= To do =
Every line from the one with "Beautifully updated 2" to the one with "[page]圖8中壓敏電阻并", including those two, is to be copied exactly; all other lines of the entries below are left out.

** Data records follows **

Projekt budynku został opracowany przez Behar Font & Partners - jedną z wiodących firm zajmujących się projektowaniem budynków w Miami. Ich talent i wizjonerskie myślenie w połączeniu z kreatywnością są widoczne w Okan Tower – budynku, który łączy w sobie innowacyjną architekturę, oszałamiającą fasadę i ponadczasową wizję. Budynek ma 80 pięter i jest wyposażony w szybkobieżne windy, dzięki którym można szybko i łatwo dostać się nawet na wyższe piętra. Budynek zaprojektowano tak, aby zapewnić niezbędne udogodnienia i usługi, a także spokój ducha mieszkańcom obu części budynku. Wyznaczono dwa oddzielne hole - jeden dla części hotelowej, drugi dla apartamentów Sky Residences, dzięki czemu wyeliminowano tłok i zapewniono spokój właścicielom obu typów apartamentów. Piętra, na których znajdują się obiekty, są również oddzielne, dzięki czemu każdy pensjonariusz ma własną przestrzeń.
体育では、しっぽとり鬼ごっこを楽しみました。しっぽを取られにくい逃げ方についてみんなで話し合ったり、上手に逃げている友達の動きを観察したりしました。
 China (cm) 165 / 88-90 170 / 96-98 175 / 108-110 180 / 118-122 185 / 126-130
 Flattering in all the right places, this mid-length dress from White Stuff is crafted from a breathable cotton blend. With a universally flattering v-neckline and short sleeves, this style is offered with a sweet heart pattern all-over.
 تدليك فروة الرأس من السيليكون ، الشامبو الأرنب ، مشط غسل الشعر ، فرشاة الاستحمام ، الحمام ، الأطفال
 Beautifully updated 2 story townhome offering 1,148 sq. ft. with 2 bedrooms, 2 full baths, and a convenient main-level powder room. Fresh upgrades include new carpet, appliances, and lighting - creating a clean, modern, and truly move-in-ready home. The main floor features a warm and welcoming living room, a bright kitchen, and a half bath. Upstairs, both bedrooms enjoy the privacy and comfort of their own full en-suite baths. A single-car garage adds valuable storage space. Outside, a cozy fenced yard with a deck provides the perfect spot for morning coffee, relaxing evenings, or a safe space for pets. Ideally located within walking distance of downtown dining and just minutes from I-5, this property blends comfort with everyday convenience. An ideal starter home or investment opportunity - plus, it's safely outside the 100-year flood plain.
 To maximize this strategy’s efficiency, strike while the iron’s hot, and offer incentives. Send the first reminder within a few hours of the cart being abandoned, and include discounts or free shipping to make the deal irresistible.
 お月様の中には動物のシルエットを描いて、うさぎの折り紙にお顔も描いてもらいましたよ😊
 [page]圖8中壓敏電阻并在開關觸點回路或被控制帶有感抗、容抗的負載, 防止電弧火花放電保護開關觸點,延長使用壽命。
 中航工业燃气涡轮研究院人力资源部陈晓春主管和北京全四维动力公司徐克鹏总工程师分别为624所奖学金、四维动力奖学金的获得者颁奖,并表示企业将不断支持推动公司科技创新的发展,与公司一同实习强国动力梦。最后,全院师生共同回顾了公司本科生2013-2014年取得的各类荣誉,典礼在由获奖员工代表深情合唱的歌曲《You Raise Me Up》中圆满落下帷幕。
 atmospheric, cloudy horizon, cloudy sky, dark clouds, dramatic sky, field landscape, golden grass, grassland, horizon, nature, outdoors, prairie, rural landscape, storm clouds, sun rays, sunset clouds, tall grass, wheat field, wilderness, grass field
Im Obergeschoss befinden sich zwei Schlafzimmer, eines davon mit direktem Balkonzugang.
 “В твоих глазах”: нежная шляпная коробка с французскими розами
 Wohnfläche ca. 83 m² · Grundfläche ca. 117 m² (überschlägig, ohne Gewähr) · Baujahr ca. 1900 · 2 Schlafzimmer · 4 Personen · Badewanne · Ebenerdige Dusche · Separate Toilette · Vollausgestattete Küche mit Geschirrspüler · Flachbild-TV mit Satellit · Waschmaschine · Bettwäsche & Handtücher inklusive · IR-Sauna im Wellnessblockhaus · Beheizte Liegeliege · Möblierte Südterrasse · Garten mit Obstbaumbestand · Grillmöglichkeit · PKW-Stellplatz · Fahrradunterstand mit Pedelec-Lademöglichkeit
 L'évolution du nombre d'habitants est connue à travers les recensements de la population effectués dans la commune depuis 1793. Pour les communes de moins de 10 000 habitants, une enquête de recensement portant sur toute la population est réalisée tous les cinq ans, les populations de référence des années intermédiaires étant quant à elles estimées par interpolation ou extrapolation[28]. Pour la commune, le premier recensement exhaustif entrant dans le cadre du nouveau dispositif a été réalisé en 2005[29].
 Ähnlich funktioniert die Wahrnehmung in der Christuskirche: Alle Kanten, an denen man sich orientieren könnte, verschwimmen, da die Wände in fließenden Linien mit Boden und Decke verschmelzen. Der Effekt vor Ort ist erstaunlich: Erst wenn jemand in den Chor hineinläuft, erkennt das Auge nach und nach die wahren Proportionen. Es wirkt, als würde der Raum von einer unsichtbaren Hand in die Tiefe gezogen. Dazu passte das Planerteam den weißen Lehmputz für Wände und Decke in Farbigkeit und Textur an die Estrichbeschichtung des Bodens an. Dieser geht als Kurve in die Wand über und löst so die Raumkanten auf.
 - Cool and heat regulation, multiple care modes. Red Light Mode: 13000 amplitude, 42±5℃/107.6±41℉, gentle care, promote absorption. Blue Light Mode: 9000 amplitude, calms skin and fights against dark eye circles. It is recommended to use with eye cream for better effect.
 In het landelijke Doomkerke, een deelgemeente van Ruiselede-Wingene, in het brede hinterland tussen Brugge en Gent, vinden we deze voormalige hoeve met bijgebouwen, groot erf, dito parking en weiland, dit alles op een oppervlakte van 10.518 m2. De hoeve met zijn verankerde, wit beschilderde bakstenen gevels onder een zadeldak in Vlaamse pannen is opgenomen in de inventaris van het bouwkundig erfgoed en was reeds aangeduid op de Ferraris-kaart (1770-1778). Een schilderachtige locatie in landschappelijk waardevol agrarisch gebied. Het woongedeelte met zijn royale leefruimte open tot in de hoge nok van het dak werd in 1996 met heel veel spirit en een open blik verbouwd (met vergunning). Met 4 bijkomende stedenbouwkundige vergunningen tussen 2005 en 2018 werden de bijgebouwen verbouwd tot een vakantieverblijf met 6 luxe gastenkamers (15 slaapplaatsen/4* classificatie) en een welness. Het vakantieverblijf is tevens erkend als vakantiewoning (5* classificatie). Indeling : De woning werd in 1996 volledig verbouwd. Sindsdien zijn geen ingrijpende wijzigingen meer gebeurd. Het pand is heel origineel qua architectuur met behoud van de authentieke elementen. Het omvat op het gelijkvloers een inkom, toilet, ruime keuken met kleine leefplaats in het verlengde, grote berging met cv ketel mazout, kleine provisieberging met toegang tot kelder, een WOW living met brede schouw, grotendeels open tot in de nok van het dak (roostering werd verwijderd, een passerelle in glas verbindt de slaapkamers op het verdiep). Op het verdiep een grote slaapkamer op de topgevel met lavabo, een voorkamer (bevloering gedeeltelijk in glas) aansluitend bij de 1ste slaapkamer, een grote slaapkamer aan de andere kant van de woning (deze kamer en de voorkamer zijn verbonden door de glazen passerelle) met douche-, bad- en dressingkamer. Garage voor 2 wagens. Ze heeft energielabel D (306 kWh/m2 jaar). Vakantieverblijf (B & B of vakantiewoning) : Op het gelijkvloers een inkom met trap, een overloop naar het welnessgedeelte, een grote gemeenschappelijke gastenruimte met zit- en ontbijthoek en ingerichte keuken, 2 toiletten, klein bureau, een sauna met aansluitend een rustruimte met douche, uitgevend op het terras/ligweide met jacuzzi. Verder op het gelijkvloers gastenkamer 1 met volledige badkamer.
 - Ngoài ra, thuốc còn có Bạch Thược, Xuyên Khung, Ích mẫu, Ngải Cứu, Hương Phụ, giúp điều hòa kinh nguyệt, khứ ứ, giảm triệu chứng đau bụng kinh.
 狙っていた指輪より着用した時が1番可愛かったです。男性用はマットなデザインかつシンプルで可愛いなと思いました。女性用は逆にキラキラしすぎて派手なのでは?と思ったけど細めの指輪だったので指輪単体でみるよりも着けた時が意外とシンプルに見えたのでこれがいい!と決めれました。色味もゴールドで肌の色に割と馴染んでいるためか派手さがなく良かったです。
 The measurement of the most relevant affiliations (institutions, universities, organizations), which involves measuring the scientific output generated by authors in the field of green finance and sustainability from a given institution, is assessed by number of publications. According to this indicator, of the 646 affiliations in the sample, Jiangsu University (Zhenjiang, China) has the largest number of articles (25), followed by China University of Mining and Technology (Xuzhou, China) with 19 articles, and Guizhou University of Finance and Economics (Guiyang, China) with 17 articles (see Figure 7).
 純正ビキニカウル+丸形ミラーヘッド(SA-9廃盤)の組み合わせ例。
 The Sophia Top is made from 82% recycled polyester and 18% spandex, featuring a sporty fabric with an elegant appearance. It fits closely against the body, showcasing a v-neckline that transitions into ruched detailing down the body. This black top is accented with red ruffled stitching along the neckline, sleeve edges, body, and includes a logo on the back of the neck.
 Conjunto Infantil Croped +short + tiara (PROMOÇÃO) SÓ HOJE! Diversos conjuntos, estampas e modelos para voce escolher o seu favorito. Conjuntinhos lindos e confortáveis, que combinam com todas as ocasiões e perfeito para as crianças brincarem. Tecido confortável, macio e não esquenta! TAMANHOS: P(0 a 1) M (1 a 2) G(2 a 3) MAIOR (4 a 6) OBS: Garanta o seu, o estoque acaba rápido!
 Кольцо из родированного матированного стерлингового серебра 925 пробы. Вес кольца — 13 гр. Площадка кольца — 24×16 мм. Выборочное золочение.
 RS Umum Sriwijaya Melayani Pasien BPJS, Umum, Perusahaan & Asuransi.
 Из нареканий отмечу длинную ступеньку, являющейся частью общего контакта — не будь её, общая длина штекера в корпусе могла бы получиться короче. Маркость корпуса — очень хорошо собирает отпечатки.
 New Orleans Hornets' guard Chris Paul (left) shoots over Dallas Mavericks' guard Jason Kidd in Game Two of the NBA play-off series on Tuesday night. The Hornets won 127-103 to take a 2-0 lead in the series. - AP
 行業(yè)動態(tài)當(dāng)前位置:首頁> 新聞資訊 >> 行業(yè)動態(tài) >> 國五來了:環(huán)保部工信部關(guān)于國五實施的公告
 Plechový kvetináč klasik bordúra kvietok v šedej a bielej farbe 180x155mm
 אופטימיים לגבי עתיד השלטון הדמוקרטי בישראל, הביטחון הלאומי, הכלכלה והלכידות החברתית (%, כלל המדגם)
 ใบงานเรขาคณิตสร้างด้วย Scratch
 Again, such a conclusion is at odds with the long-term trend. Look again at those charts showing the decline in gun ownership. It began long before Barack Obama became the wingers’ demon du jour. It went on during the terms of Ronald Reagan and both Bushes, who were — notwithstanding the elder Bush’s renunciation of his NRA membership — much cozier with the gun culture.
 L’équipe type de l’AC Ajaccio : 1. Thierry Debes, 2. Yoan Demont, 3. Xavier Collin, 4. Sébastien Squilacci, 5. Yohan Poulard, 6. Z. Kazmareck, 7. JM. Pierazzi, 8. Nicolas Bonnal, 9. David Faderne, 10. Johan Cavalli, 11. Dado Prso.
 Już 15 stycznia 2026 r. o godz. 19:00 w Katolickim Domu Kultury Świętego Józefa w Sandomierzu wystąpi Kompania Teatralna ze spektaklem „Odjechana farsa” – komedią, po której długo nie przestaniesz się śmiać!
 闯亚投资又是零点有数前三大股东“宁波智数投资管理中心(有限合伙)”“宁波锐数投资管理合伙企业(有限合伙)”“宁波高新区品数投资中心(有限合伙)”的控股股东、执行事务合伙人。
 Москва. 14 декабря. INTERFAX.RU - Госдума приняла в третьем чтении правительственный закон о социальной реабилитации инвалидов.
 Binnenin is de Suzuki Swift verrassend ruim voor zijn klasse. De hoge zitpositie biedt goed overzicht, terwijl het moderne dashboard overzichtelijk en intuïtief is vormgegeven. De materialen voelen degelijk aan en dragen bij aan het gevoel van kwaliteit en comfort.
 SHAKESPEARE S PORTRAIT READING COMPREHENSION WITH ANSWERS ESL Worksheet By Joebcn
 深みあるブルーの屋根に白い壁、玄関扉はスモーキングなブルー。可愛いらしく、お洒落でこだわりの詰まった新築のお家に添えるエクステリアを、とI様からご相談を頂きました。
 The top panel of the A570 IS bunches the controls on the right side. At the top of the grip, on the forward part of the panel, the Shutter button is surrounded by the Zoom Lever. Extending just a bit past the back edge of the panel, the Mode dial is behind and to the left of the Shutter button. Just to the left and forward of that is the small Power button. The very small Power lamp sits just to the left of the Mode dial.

** End of Data records **

= Solution to this exercise =
 Beautifully updated 2 story townhome offering 1,148 sq. ft. with 2 bedrooms, 2 full baths, and a convenient main-level powder room. Fresh upgrades include new carpet, appliances, and lighting - creating a clean, modern, and truly move-in-ready home. The main floor features a warm and welcoming living room, a bright kitchen, and a half bath. Upstairs, both bedrooms enjoy the privacy and comfort of their own full en-suite baths. A single-car garage adds valuable storage space. Outside, a cozy fenced yard with a deck provides the perfect spot for morning coffee, relaxing evenings, or a safe space for pets. Ideally located within walking distance of downtown dining and just minutes from I-5, this property blends comfort with everyday convenience. An ideal starter home or investment opportunity - plus, it's safely outside the 100-year flood plain.
 To maximize this strategy’s efficiency, strike while the iron’s hot, and offer incentives. Send the first reminder within a few hours of the cart being abandoned, and include discounts or free shipping to make the deal irresistible.
 お月様の中には動物のシルエットを描いて、うさぎの折り紙にお顔も描いてもらいましたよ😊
 [page]圖8中壓敏電阻并在開關觸點回路或被控制帶有感抗、容抗的負載, 防止電弧火花放電保護開關觸點,延長使用壽命。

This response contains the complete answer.